Ties between Myanmar and Bangladesh, who share a 270-kilometre border, have been strained ever since the latest influx of migrants began in August this year.
But despite the tension in bilateral ties, Muniruzzaman said that Bangladesh has been showing a lot of diplomatic maturity to resolve the crisis.
Nevertheless, the refugee crisis will impact the future of the BCIM (Bangladesh-China-India-Myanmar) economic corridor project. The 2,800-kilometre corridor will connect Kunming and Kolkata while passing through Mandalay in Myanmar and Dhaka in Bangladesh.
"There will be a short-term impact on the multilateral project. But I hope that in the long-run, economic ties between the two countries as well as the implementation of the economic corridor will be on track," the BIPSS president said.
The Indian government had called Rohingya refugees a "security threat", but Muniruzzaman said it's purely an "internal perception" in India, and that New Delhi has been providing humanitarian assistance to Dhaka for resolving the crisis. "It is purely an internal perception in India.

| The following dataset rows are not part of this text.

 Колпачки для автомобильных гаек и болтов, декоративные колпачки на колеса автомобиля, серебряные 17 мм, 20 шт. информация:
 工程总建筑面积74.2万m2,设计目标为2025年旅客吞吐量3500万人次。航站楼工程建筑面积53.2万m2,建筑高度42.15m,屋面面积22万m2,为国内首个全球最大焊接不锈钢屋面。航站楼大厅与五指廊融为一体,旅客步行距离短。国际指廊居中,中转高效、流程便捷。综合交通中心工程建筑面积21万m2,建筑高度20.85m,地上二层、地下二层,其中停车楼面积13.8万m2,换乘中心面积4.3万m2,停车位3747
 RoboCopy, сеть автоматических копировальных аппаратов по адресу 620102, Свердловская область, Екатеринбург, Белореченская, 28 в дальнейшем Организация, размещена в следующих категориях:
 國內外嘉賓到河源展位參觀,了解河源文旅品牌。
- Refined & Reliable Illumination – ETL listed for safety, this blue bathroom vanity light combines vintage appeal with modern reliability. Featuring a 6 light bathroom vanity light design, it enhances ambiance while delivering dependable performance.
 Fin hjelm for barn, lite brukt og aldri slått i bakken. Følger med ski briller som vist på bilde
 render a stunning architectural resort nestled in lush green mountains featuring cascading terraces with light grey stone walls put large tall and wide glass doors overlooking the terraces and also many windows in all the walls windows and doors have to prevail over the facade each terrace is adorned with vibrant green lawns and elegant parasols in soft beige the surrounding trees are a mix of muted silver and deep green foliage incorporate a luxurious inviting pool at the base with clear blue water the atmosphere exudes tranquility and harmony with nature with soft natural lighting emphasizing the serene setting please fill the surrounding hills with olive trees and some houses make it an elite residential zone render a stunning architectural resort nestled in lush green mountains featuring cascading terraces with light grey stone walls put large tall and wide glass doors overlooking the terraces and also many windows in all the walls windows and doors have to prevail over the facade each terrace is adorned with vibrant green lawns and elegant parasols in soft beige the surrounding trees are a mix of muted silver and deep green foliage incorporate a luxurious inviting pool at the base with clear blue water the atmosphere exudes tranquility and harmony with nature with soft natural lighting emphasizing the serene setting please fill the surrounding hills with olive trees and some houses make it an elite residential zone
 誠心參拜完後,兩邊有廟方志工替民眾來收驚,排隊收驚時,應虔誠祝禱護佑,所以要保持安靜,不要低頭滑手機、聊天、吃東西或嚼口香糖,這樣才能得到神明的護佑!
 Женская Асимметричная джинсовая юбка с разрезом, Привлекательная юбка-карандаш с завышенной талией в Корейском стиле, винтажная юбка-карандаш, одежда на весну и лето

I don't think it puts any additional refugee burden on us," he said, when asked how India's anti-Rohingya stance impacts Bangladesh.
India-Bangladesh ties: The way ahead
Bangladesh is a vital cog for both India and China, both of whom have big geopolitical aspirations of being among the region's economic superpowers. Both countries have pursued foreign policy goals while keeping Bangladesh in mind.
Muniruzzaman denied that India's ties with Bangladesh will be impacted by the China-backed OBOR project, saying, "OBOR will certainly help boost ties between China and Bangladesh. But I do not think this will negatively impact our deep-rooted ties with India, with whom we are bound through history and civilisation."
Welcoming Sushma Swaraj's statement that all "irritants" in bilateral ties will be addressed at the earliest, the BIPSS president said that all outstanding issues, including the Teesta water agreement, can be resolved in a friendly and amicable manner. "We were able to resolve bigger issues like the land and maritime boundary disputes. So, I have great faith, since the Indian foreign minister also said 'irritants' can be solved," he said.
Stating that New Delhi and Dhaka now share an "excellent relationship", Muniruzzaman, who was on a week-long tour of India, added, "Under Narendra Modi, there has been a tremendous boost in our relationship. We have also resolved many long-standing issues in these three years."
Muniruzzaman believed the security cooperation between the two countries is a "shining example" to the world. "We share excellent ties in counter-terrorism coordination, intelligence sharing and using best practices in the security arena," he said.
Claiming that there is "great scope" for deeper economic ties between the two countries, Muniruzzaman said that bilateral trade volumes can potentially rise in the coming years owing to a common border and a good amount of connectivity between the two. "I believe we can have cooperation in the energy sector due to the common geography that we share. I see there has been some beginning in the sector, but it's still at a nascent stage," he added.